2

Intro

Hello, I'm working on a project that requires me to replace dictionary keys within a pandas column of text with values - but with potential misspellings. Specifically I am matching names within a pandas column of text and replacing them with "First Name". For example, I would be replacing "tommy" with "First Name".

However, I realize there's the issue of misspelled names and text within the column of strings that won't be replaced by my dictionary. For example 'tommmmy" has extra m's and is not a first name within my dictionary.

#Create df 
d = {'message' : pd.Series(['awesome', 'my name is tommmy , please help with...', 'hi tommy , we understand your quest...'])}
names = ["tommy", "zelda", "marcon"]

#create dict 
namesdict = {r'(^|\s){}($|\s)'.format(el): r'\1FirstName\2' for el in names}

#replace 
d['message'].replace(namesdict, regex = True)



  #output 
    Out: 
0                                       awesome
1    my name is tommmy , please help with...
2    hi FirstName , we understand your quest...
dtype: object

so "tommmy" doesn't match to "tommy" in the -> I need to deal with misspellings. I thought about trying to do this prior to the actual dictionary key and value replacement, like scan through the pandas data frame and replace the words within the column of strings ("messages") with the appropriate name. I've seen a similar approach using an index on specific strings like this one

but how do you match and replace words within the sentences within a pandas df, using a list of correct spelling? Can I do this within the df.series replace argument? Should I stick with a regex string replace?*

Any suggestions appreciated.

Update , trying Yannis's answer

I'm trying Yannis's answer but I need to use a list from an outside source, specifically the US census of first names for matching. But it's not matching on the whole names with the string I download.

d = {'message' : pd.Series(['awesome', 'my name is tommy , please help with...', 'hi tommy , we understand your quest...'])}

import requests 
r = requests.get('http://deron.meranda.us/data/census-derived-all-first.txt')

#US Census first names (5000 +) 
firstnamelist = re.findall(r'\n(.*?)\s', r.text, re.DOTALL)

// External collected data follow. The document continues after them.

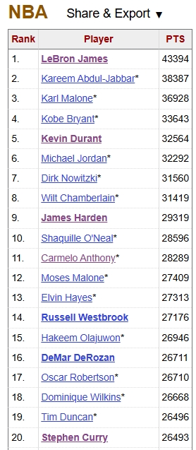 就此,库里的NBA生涯得分来到了26501分,超越了马刺传奇蒂姆·邓肯(26496),升至NBA历史得分总榜第19位!
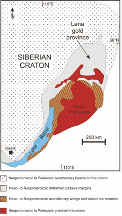 Mining for gold in the Bodaibo area, also referred to as the Lena Goldfields, dates back to the 19th century when gold as first produced from placer deposits. The area consists of a succession of clastic carbonate sediments that are metamorphosed to greenschist and amphibolite facies and are intruded by granites of mid-Paleozoic age. The gold deposits are located in the southeastern margin of the Siberian Craton.
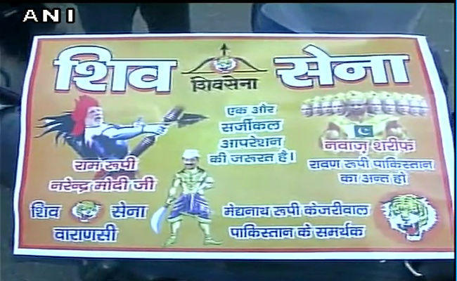 Seen in Varanasi (UP), posters featuring PM Narendra Modi as Lord Rama, Pak PM as Ravana. pic.twitter.com/9fnkn72I1b
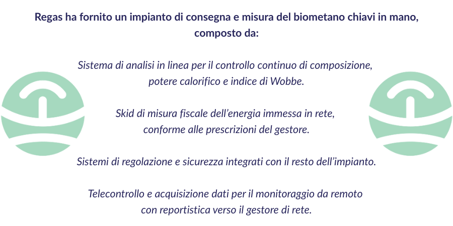 Regas progetta e realizza stazioni di immissione che integrano in un unico impianto misura fiscale di portata ed energia, analisi in continuo della qualità del gas, regolazione della pressione e odorizzazione.
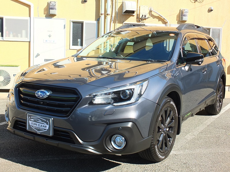 スバル アウトバックの入庫です。塗装ミストが付いているお車でしたので、ミストの除
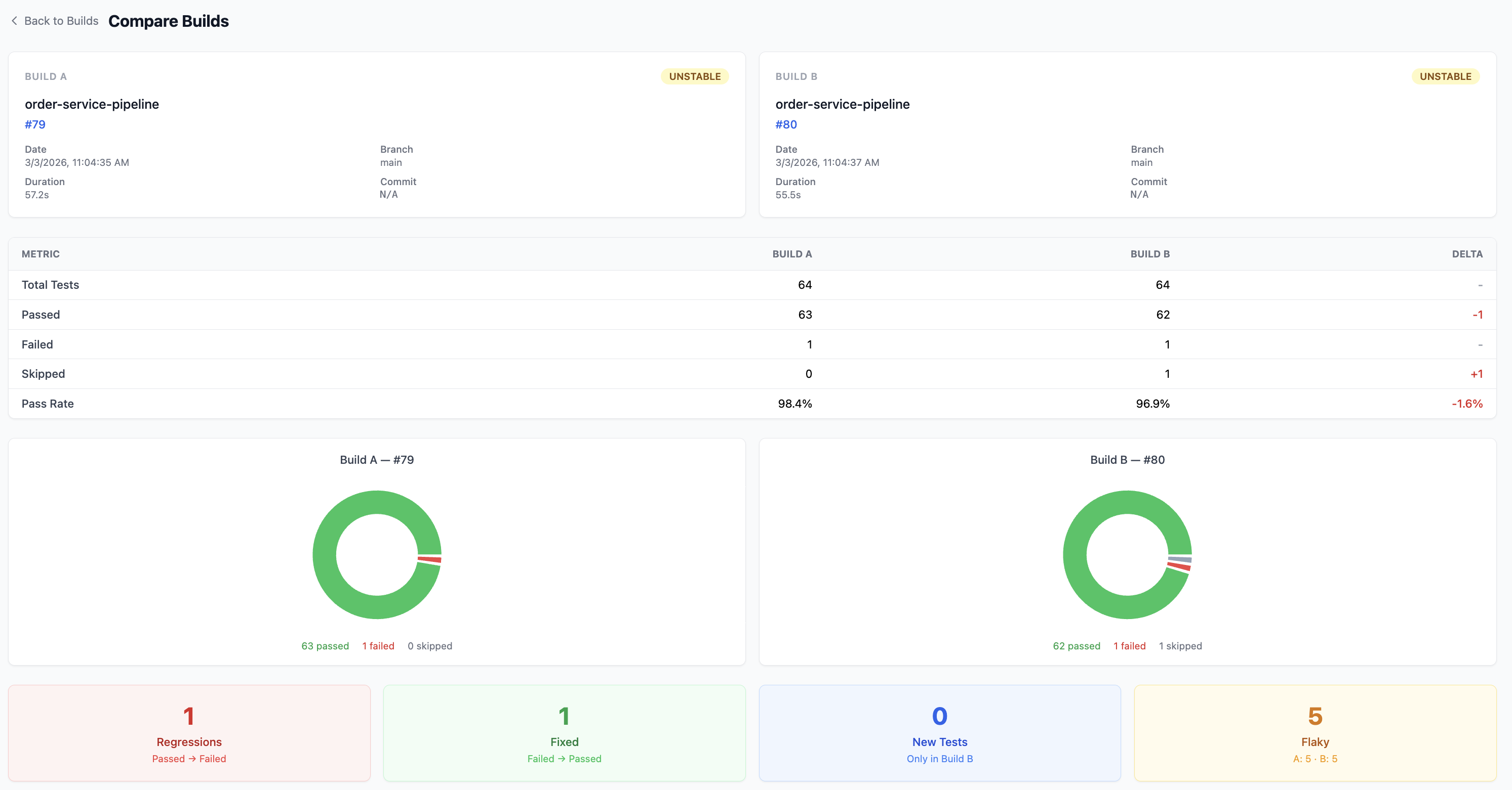 Below the metrics table, donut charts visualise the passed / failed / skipped breakdown for each build. This gives you an instant visual sense of test health.
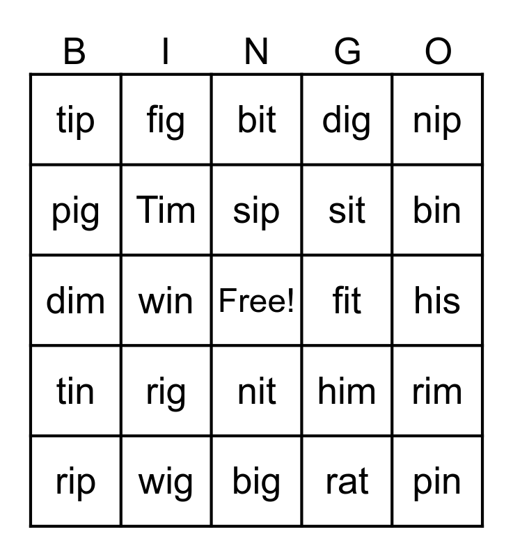 This bingo card has a free space and 24 words: rig, wig, sip, rip, nip, tip, pig, fig, fit, nit, sit, dim, him, rim, Tim, rat, his, bit, bin, win, pin, tin, dig and big.
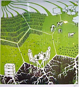 A big Hatch welcome to new artist, Juliet Darken! She makes fabulous original prints using the Linocut method. This involves carving into linoleum with super sharp tools and printing each color individually. Her originals range from $380-$460 and her prints of these are $40. We even have greeting cards of hers for $5! Juliet’s work is fun and whimsical… stop by to check them out!
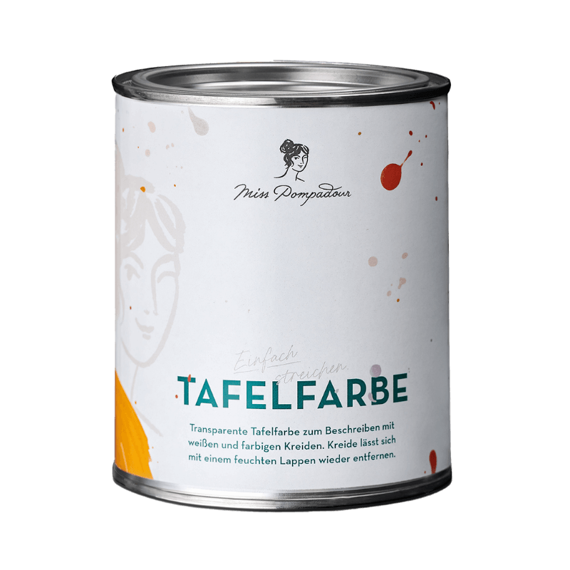 MissPompadour Tafelfarbe ist eine universell einsetzbare wasserbasierte transparente Wandtafelfarbe für viele Untergründe. Für individuelle und beschreibbare Tafeln in der Lieblingsfarbe.
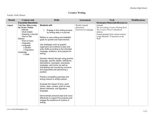 High School Creative Writing Curriculum Map
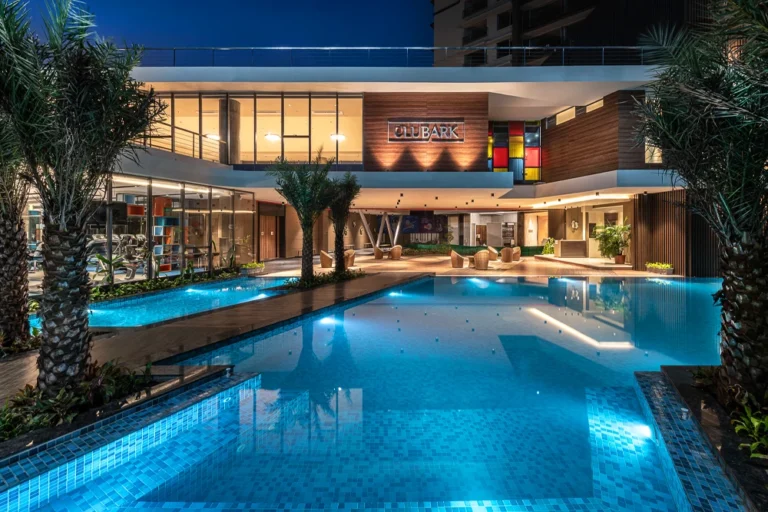The development boasts a combination of modern architecture and high-end amenities such as a clubhouse, swimming pools, parks, and a riverside promenade along the Mula-Mutha River. Additionally, the project integrates sustainable features like rainwater harvesting, solar energy, and waste management systems.
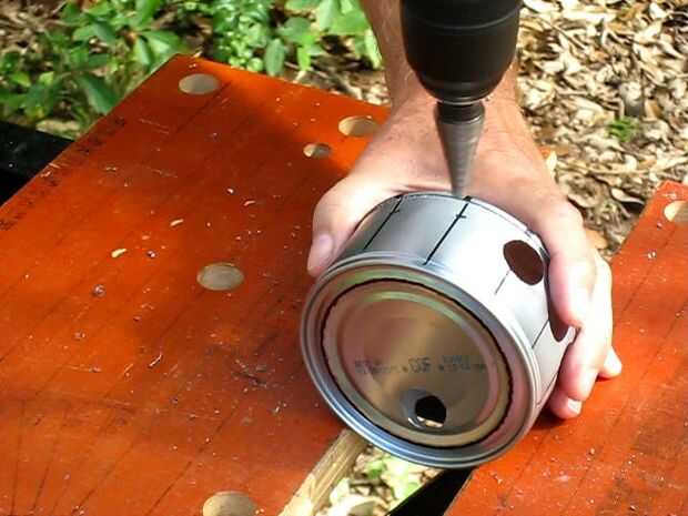 2. Taladros de doce ¾" diámetro ½" debajo de la parte superior, espaciada uniformemente alrededor de la lata.
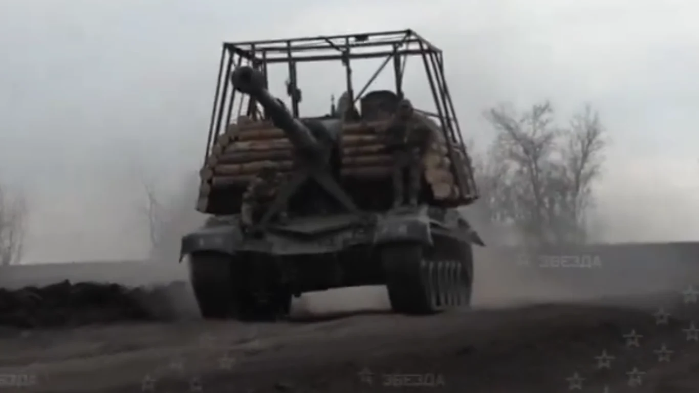 Rosyjscy żołnierze pokazali zmodyfikowaną samobieżną artylerię 2S19 Msta-S dla telewizji ZvezdaNews. Widać na nim wręcz maszynę, która odnalazłaby się na planie jakiegoś filmu postapo. Dodano do niej bowiem już standardowy na froncie metalowy dach oraz... pancerz z ułożonych bel drewna.
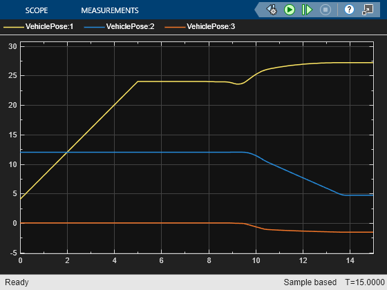 The animation shows that the ego vehicle parks at the target pose successfully without any obstacle collisions. You can also view the ego vehicle pose trajectories using the scopes.
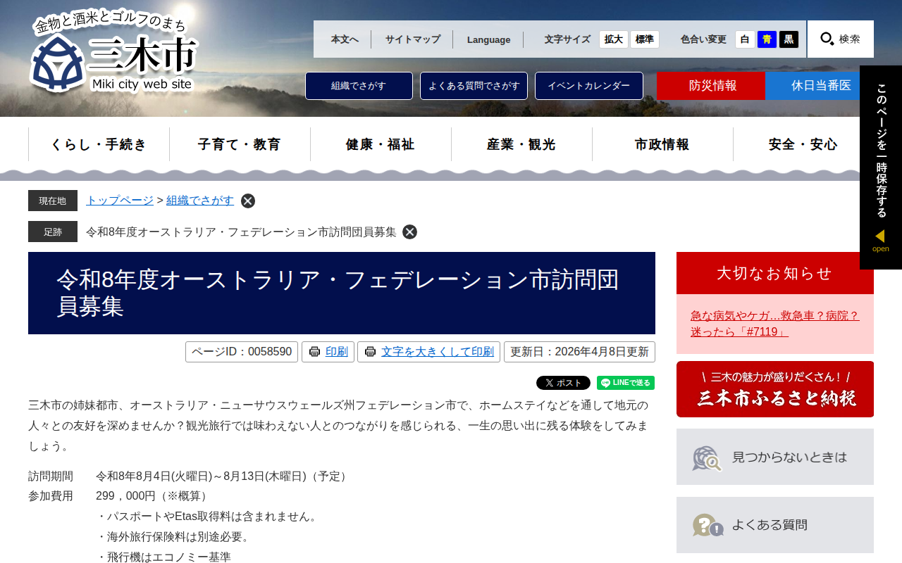 令和8年度オーストラリア・フェデレーション市訪問団員募集 - 三木市ホームページ
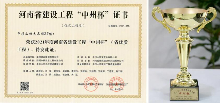 近日,河南省人力资源和社会保障厅、河南省住房和城乡建设厅共同颁发“2021年度河南省建设工程中州杯(省优质工程)奖”,山河建设集团河南公司承建的平顶山恒大名都2#楼喜获“中州杯”荣誉。这是河南省建设工程质量最高奖,代表着全省工程建设质量的最高水平。
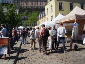 Seit 2006 schon bietet der Luxemburger Grund jedes Jahr Künstlern aus dem In- und Ausland die Möglichkeit, ihre Werke unter freiem Himmel zu präsentieren. Die Open-Air-Ausstellung, die anfangs noch samstags in der rue Saint-Ulric stattfand, ist vor acht Jahren auf die kleine Brücke vor dem Cercle Munster umgezogen und findet nunmehr jeden ersten Sonntag im Monat statt.
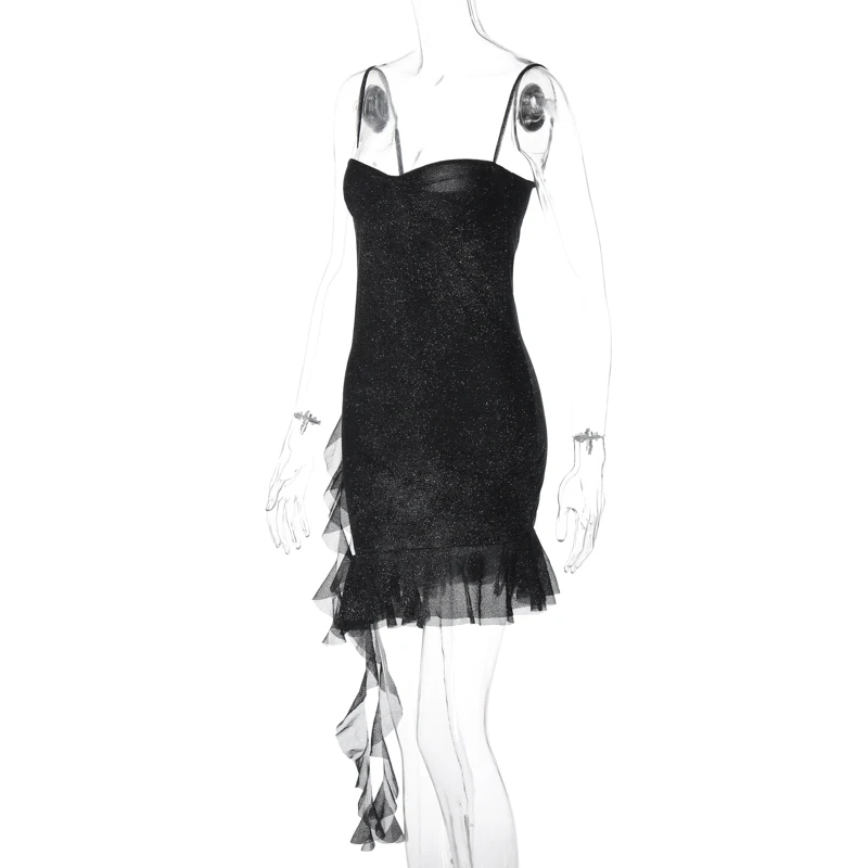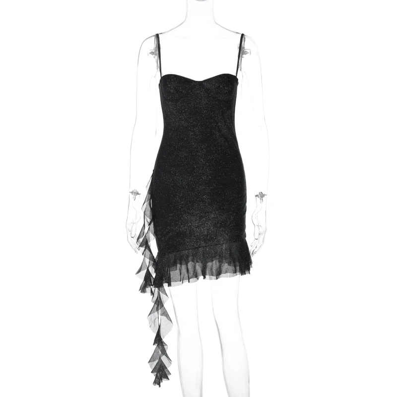 Sophisticated Glitter Spaghetti Strap Mini Dress for Cocktail Parties
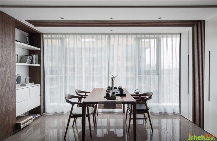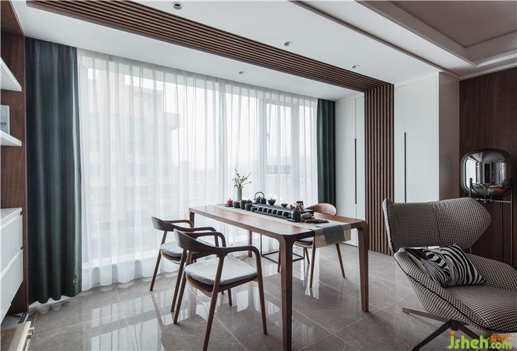 泡茶區(qū)的木柵格從柜體貫穿至吊頂,連續(xù)性延伸使的空間感凸現(xiàn)出來。陽光透過白色的紗簾,配合墨綠色簾布,緩緩的時光安靜又祥和。
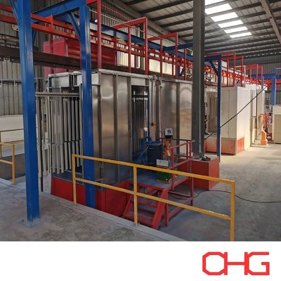 This powder coating production line seamlessly combines automated electrostatic spraying with the flexibility of manual touch-up coating, making it ideal for aluminum profiles of varying sizes, shapes, and cross-sections. Equipped with an overhead conveyor system, the line supports manual loading and unloading, allowing operators to efficiently handle complex, long, or custom-shaped profiles while maintaining a stable and continuous production flow.

#turn list to string, force lower case
fnstring = ', '.join('"{0}"'.format(w) for w in firstnamelist )
fnstring  = ','.join(firstnamelist)
fnstring  = (fnstring.lower())


##turn to list, prepare it so it matches the name preceded by either the beginning of the string or whitespace.  
names = [x.strip() for x in fnstring.split(',')]




#import jellyfish 
import difflib 


def best_match(tokens, names):
    for i,t in enumerate(tokens):
        closest = difflib.get_close_matches(t, names, n=1)
        if len(closest) > 0:
            return i, closest[0]
    return None

def fuzzy_replace(x, y):
    
    names = y # just a simple replacement list
    tokens = x.split()
    res = best_match(tokens, y)
    if res is not None:
        pos, replacement = res
        tokens[pos] = "FirstName"
        return u" ".join(tokens)
    return x

d["message"].apply(lambda x: fuzzy_replace(x, names))

Results in:

Out: 
0                                        FirstName
1    FirstName name is tommy , please help with...
2    FirstName tommy , we understand your quest...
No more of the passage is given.